ACTION ITEM:
Would you copy all lines in the data that contain the word "front"?

RECORDS TO PROCESS:
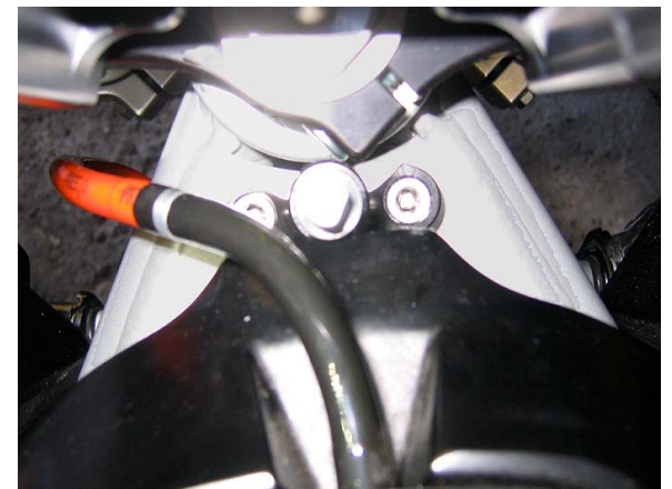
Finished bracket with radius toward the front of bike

* * *

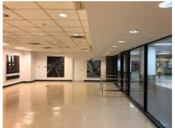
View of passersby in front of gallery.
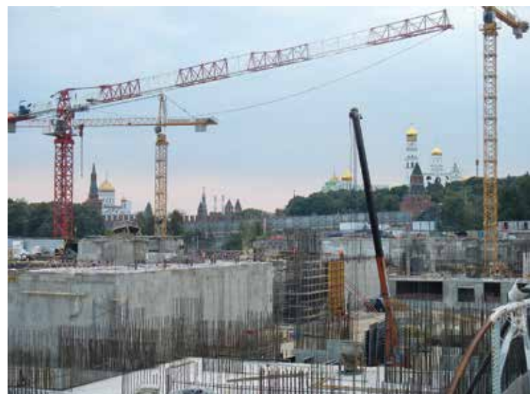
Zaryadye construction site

* * *

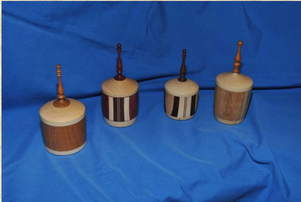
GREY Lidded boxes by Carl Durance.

YOUR SOLUTION:
Finished bracket with radius toward the front of bike
View of passersby in front of gallery.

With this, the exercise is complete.